* [Task instructions]
Write out the data word for word and omit every picture.

* [Dataset extract]

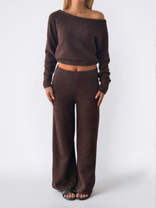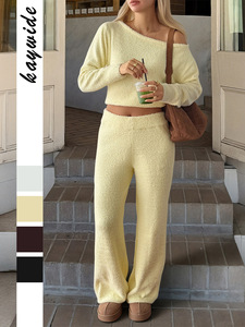 迪芸跨境欧美休闲运动长袖毛衣长裤套装女装2025秋冬亚马逊独立站
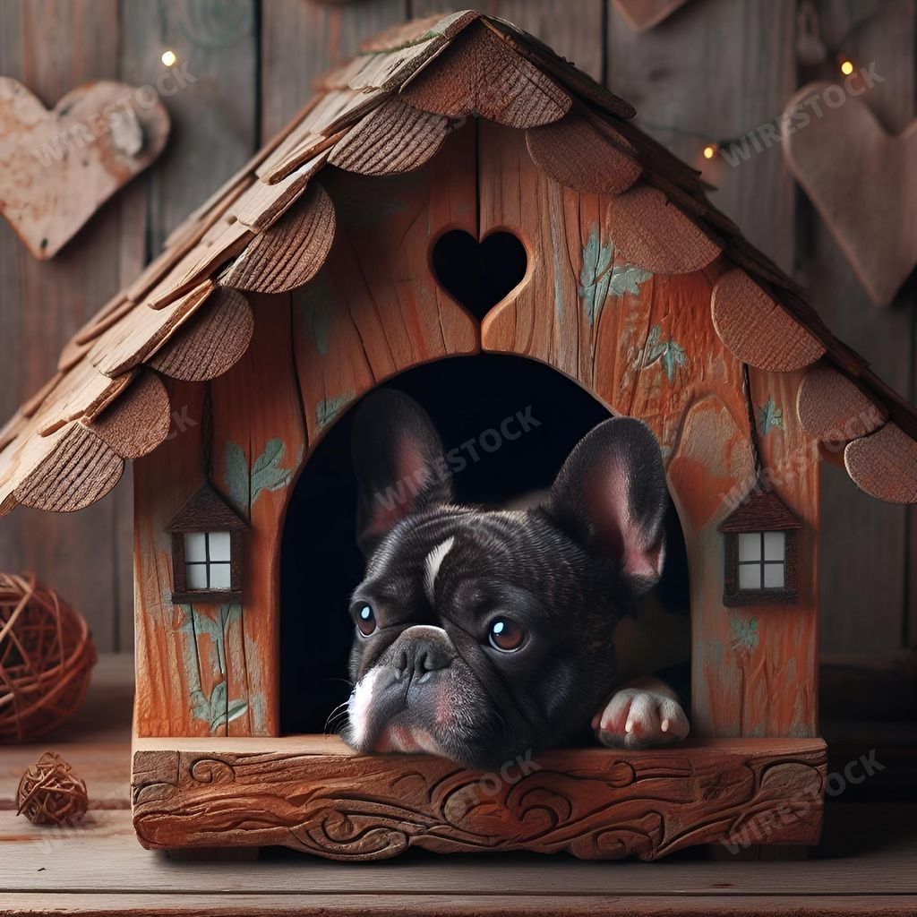 Media type: IllustrationDescription: An AI generated illustration of A small black dog resting inside a wooden house-like structure
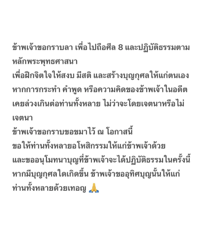"แจ็ค แฟนฉัน" เผยว่า "ข้าพเจ้าขอกราบลา เพื่อไปถือศีล 8 และปฏิบัติธรรมตามหลักพระพุทธศาสนา เพื่อฝึกจิตใจให้สงบ มีสติ และสร้างบุญกุศลให้แก่ตนเอง หากการกระทำ คำพูด หรือความคิดของข้าพเจ้าในอดีตเคยล่วงเกินต่อท่านทั้งหลาย ไม่ว่าจะโดยเจตนาหรือไม่เจตนา
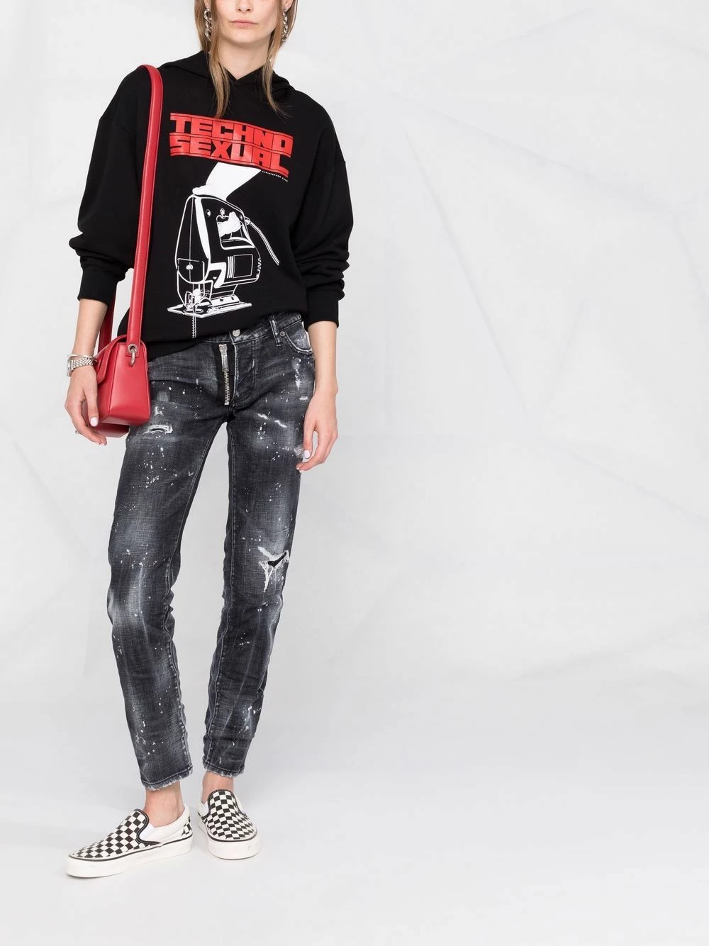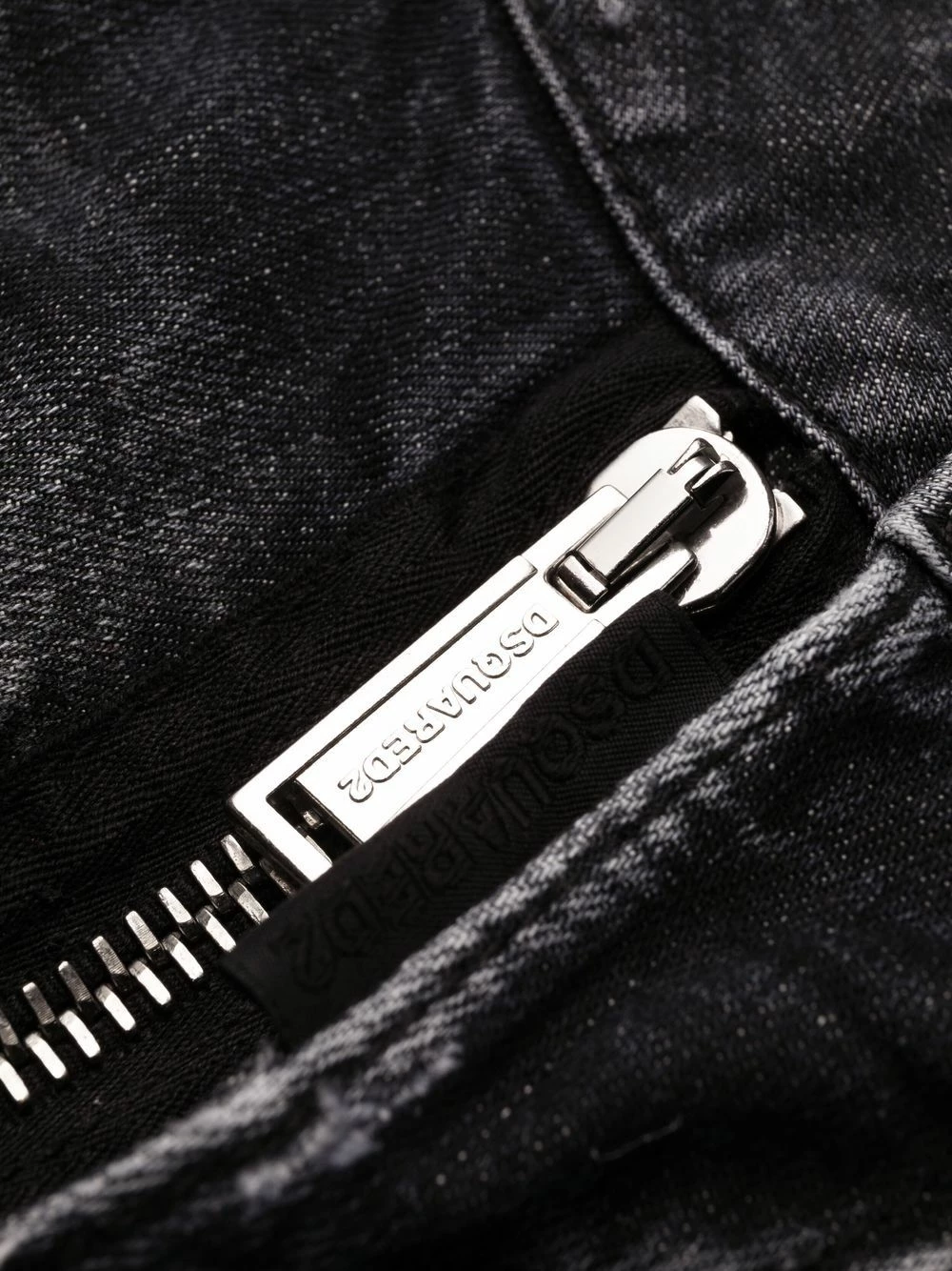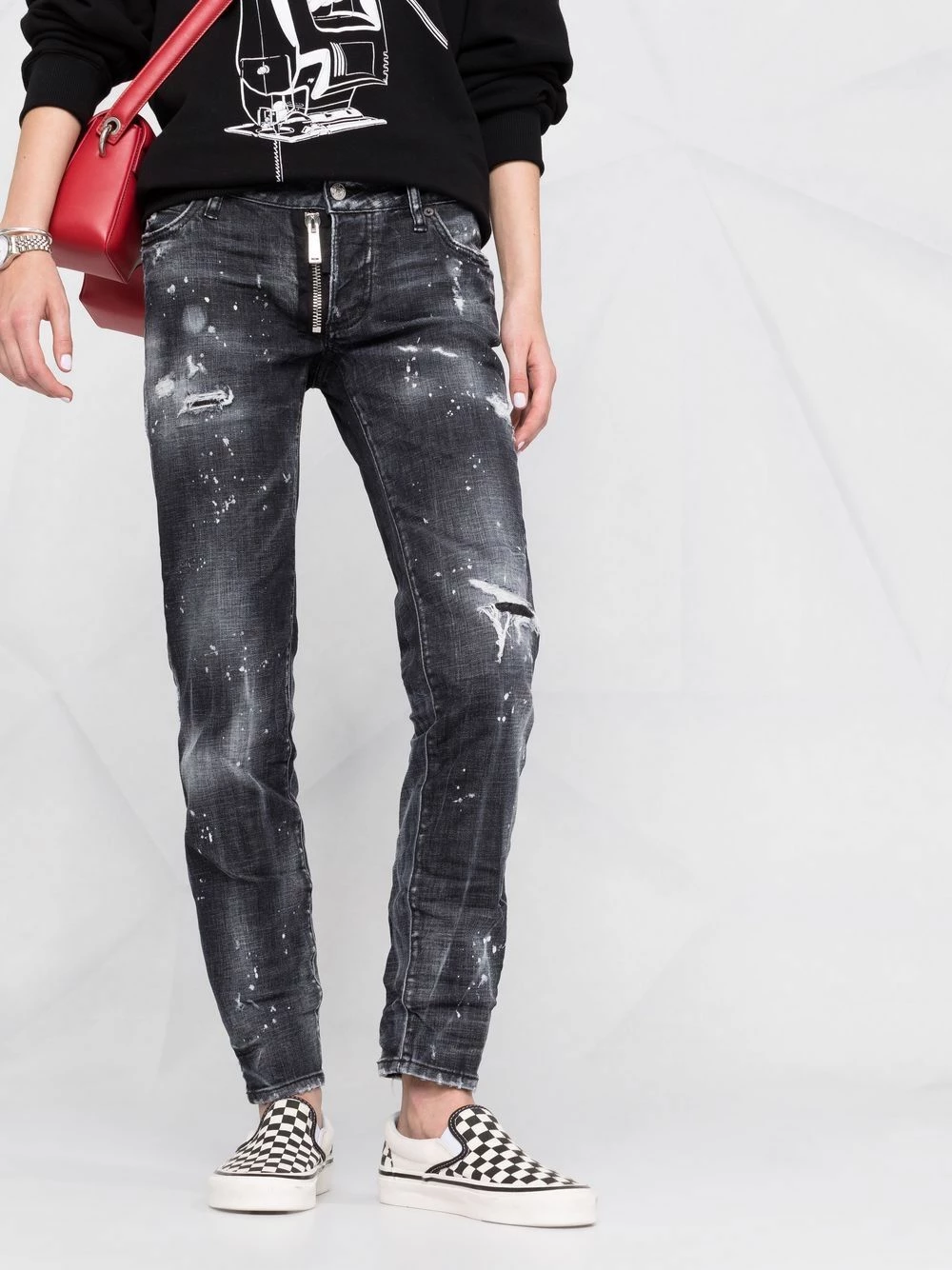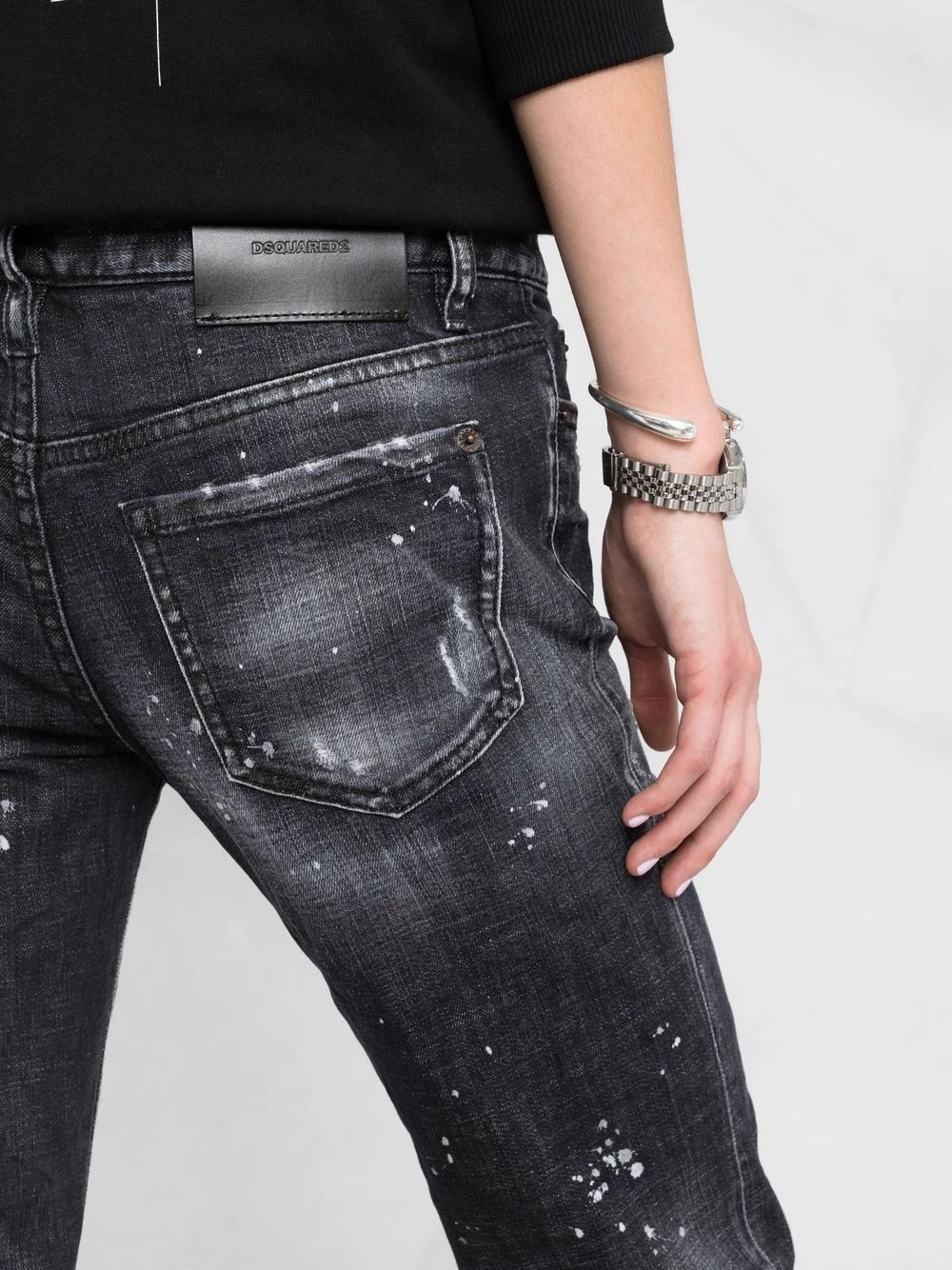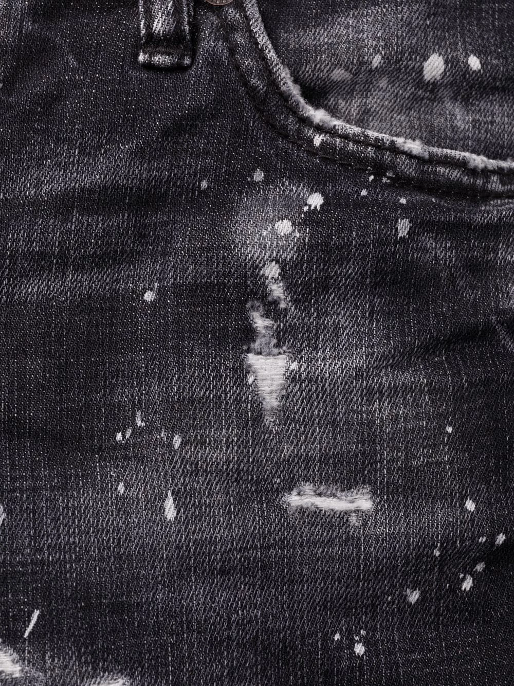 Effet taches de peinture, effet usé, taille basse, coupe slim, passants de ceinture, fermeture zippée, cinq poches classiques. Couleur : noir.

* [Solved problem]
 迪芸跨境欧美休闲运动长袖毛衣长裤套装女装2025秋冬亚马逊独立站
 Media type: IllustrationDescription: An AI generated illustration of A small black dog resting inside a wooden house-like structure
"แจ็ค แฟนฉัน" เผยว่า "ข้าพเจ้าขอกราบลา เพื่อไปถือศีล 8 และปฏิบัติธรรมตามหลักพระพุทธศาสนา เพื่อฝึกจิตใจให้สงบ มีสติ และสร้างบุญกุศลให้แก่ตนเอง หากการกระทำ คำพูด หรือความคิดของข้าพเจ้าในอดีตเคยล่วงเกินต่อท่านทั้งหลาย ไม่ว่าจะโดยเจตนาหรือไม่เจตนา
 Effet taches de peinture, effet usé, taille basse, coupe slim, passants de ceinture, fermeture zippée, cinq poches classiques. Couleur : noir.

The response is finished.